Empowering Employees: A Stake in the Company
In 2015, H-E-B made a groundbreaking move by granting 55,000 employees an ownership stake in the company. This initiative wasn't just a token gesture; it was a commitment to valuing those who are the backbone of the business. Or as I like to call it, the Reverse Bezos.
Unlike some retailers where employees often feel like expendable cogs in a vast machine, H-E-B's workers are called "partners." They have a vested interest in the company's success, and it shows. Walk into any H-E-B, and you'll notice it: employees who are engaged, helpful, and genuinely happy to be there. It's a stark contrast to the often disheartened atmosphere in other large retail chains.
While H-E-B does not actively ban unionizing for its workers, it is acutely aware of how unpopular the term “union” has become on the far right. It is, in effect, doing the same thing through its Partnership program for workers. This is exactly the kind of rebranding good, worker-centered ideas will need in this country moving forward in the wake of the demonization of all the old terms. H-E-B knows this, because Texas has long been dealing with a microcosm of everything happening to the rest of nation now.
This approach hasn't gone unnoticed. Forbes ranked H-E-B fifth overall in its list of top large employers in the U.S., highlighting the company's commitment to its workforce.
What H-E-B Taught Me About Our Future
We live in divided times. Everyone knows it. Everyone feels it. It sucks. We’re all addicted to the rage by now, and by design. Our cortisol levels never come down anymore. We’re a nation is constant fight or flight.
But step into an H-E-B, and something else becomes clear. People, even wildly different people, still live peacefully side by side.

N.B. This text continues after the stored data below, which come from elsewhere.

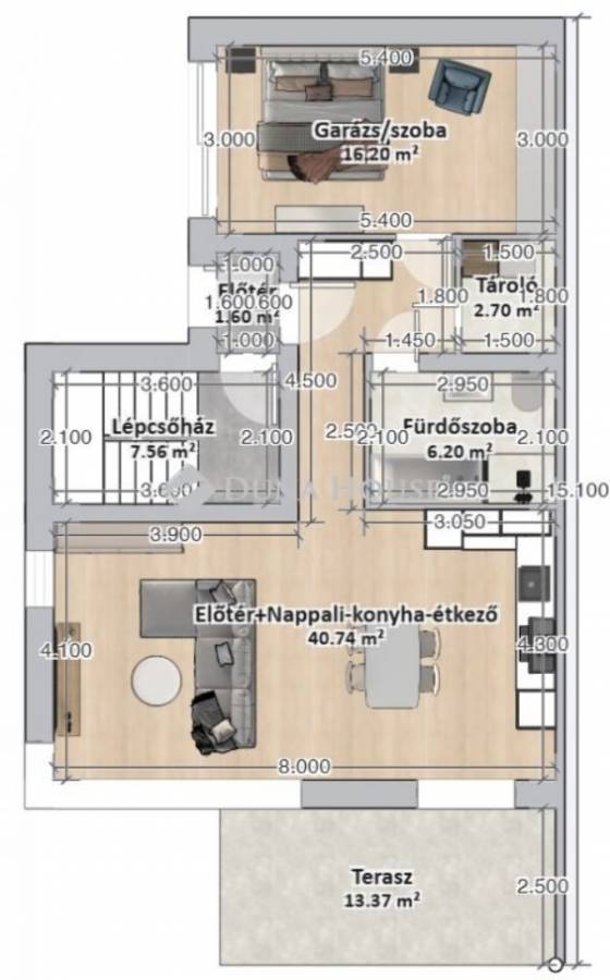 Két külön álló házban összesen 8 lakás valósul meg, a földszinteken, ill. az emeleten is 4-4 db.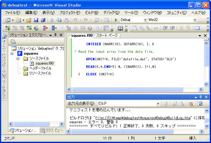 デバッグの対象となるソースファイルを表示するには、そのファイル名をダブルクリックします。 次のような画面が表示されます。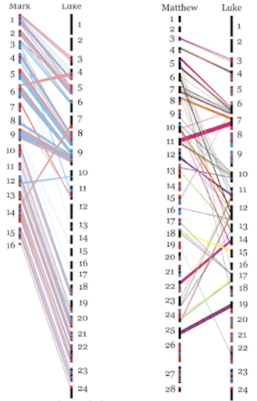 Fellows: ‘This is demonstrated by the following charts from Douglas Harder. The chart on the left shows how Luke took material from The Gospel of Mark to make his “orderly account” (Luke 1:3). Most of the erratic lines here represent Lukan pericopes that parallel their Marcan equivalents only weakly. Indeed, it has been said that Luke made only two true transpositions of material in The Gospel of Mark. The chart on the right shows how Luke took pericopes from The Gospel of Matthew that are not found in The Gospel of Mark.’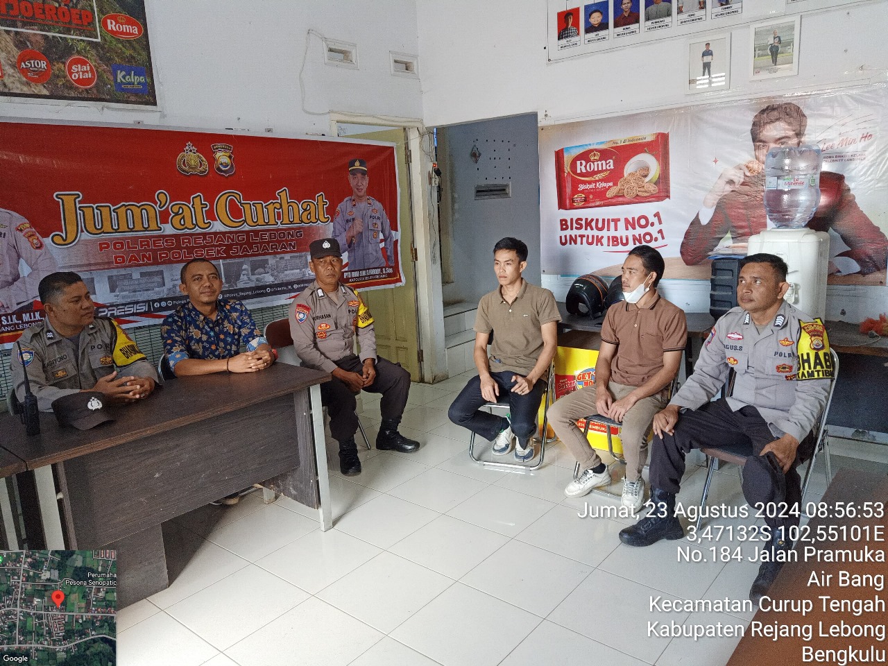 Rejang Lebong - Polsek Selupu Rejang Polres Rejang Lebong Polda Bengkulu melaksanakan kegiatan Jum'at curhat di Kelurahan Air Bang Kecamatan Curup Tengah Kab.Rejang Lebong.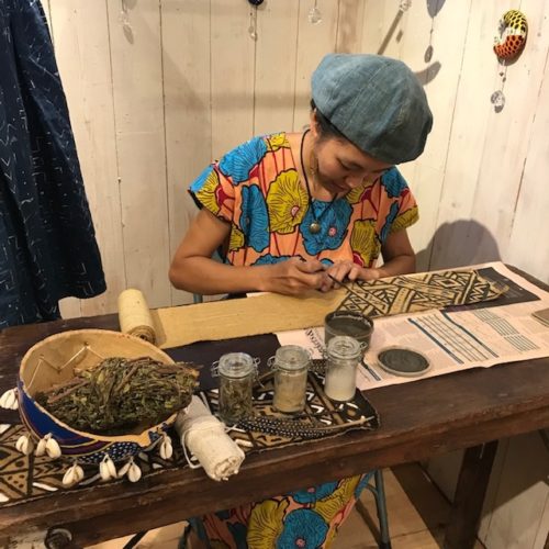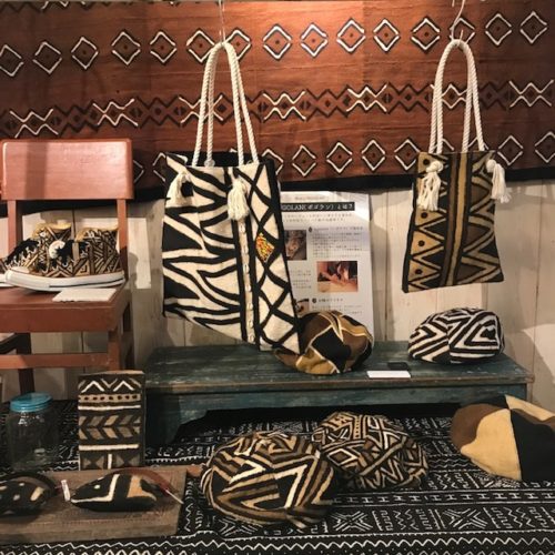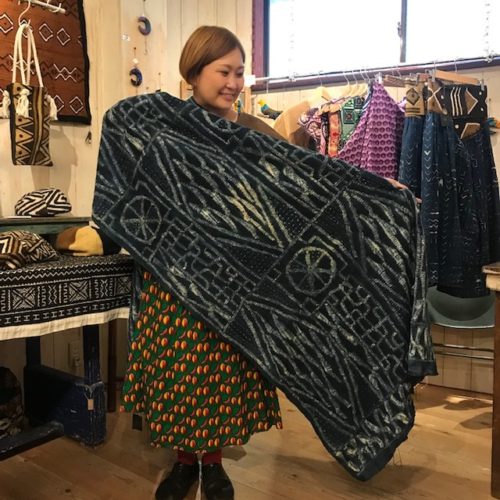 インディゴ(青)とカーシス(ブラウン)の染料を基調にしたオリジナルの布地を作られています。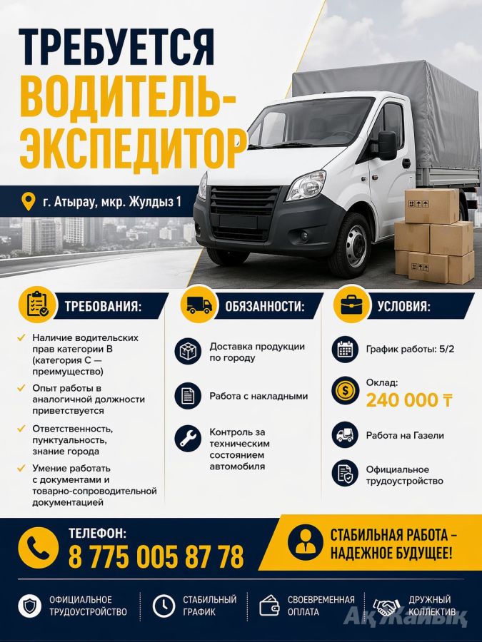 Требуется водитель-экспедитор Требования: - Наличие водительских прав категории B (категория C — преимущество) - Опыт работы в аналогичной должности приветствуется - Ответственность, пунктуальность, знание города - Умение работать с документами и товарно-сопроводительной документацией Обязанности: - Доставка продукции по городу - Работа с накладными - Контроль за техническим состоянием автомобиля Условия: - График работы: 5/2 - Оклад: 240 000 тенге - Работа на Газели - Официальное трудоустройство - Место работы: г. Атырау, мкр.Жулдыз 1 Контакты: Тел.: 8 775 0058778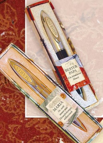 Mit einem eleganten Gehäuse aus hochwertigem Metall und dem modischen Clip, auf dem das geätzte Namensschild angebracht ist, entstand ein Stift von wahrhafter Qualität - bis hin zur attraktiven Geschenkverpackung und dem Charakterprofil, das Einblicke gewährt. Diese schönen Stifte sind in zwei Varianten erhältlich - Silber mit schwarz emalliertem Metallkorpus für den Herren und für die Dame mit elegantem, gold eloxiertem Metallkorpus - das perfekte persönliche Geschenk für Familie und Freunde.
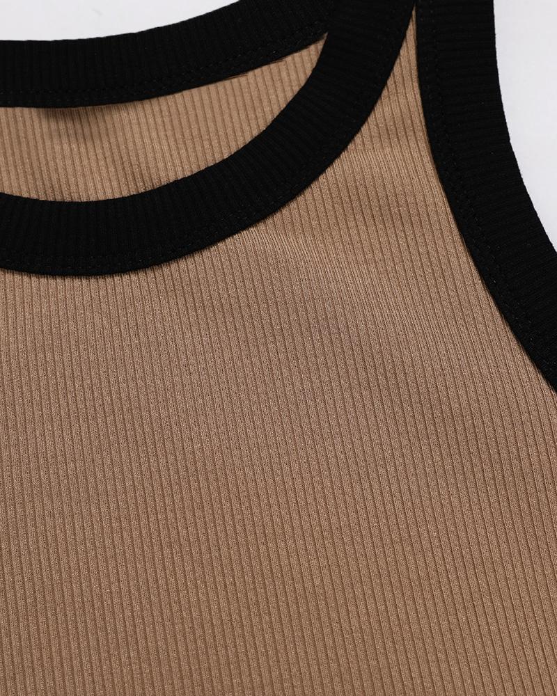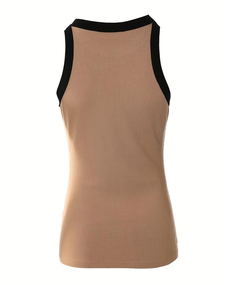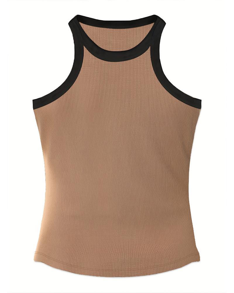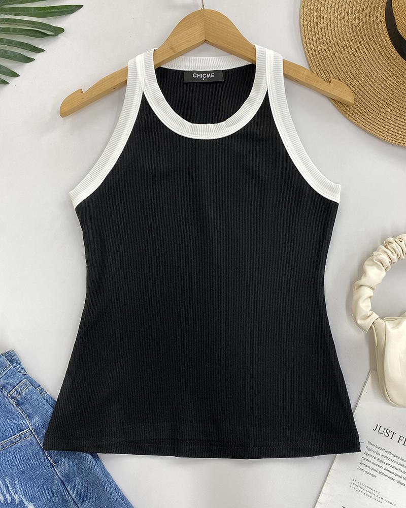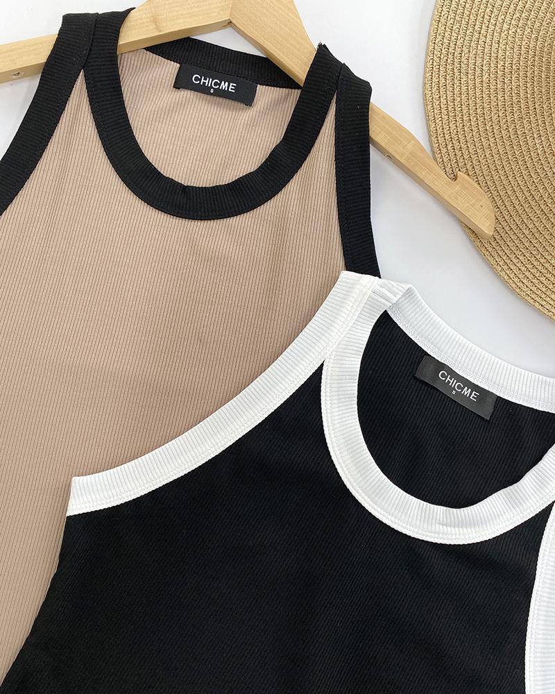 Contrast Binding Tank Tops Summer Sleeveless Basic Cami Top Shirt Slim Knit Ribbed Racerback Blouses

They still want the same basic things. Love, stability, home, dignity. Meaning. Food.
We all need to eat. We all want to take care of our families. We all want to belong somewhere.
That's the lesson: the best systems—the ones that last—are not built on exclusion, but on sensitive, intelligent expansion that brings everyone along.
H-E-B shows us what United States politics, news media and entertainment could be but aren't.
It doesn't check your voter registration at the door. It doesn't split people into marketing demographics. It meets people where they are, and says, “Hey, I’ve got something you might like over here.” Doesn’t mean you’ll like everything in the store; just means you’ll find what you need there, just like everyone else.
What if our country, society and culture did the same?
Beyond the Manufactured Divide
For years, we've been told America is split down the middle. That we are either rural or urban. Conservative or liberal. Traditional or progressive. Legal or illegal.
That's all a deliberate lie to make us mistrust, blame and hate each other.
People contain multitudes. Always have. Always will.
You can love your guns and your gay friends.
You can pray with Mr. Toothy McOsteen and still support universal healthcare.
You can be a traditional SAHM who, yes, values reproductive freedom and women’s rights.
You can be a fifth-generation Texan or a first-generation immigrant and still belong here.
This is why H-E-B isn’t just a grocery store. It’s big enough for everyone.
As such, it’s a thing that brings me hope.
And so now I’m going to tell you something, like the true Texan I’m becoming: You gotta go to H-E-B.
Thanks for this inspiring column, Alisa. As a native New Englander, living in Texas for the second time, I value and admire HEB and I aspire, in my organization, to instill a culture of such authentic belonging. Oh and how about that smoked brisket queso?!
Thanks for picking up on our Texas state of mind. We do need it now. I was hiking in a small, accessible state park here several years ago with my brother.We grew up in the country but both then lived in generic, fungible suburbs. We met people on the trail as we went. They all smiled as widely as we did. They said Hi, Howdy or just bobbed their heads the way Texans do. Some made small little jokes just to get a laugh.
After a little while, my brother and I turned to each other and simultaneously said "I've missed Texas". Sad, but true. One of the main draws of HEB is the Texas culture and its store brands that nail Texas cuisines. Three words y'all - Creamy Creations Ice Cream.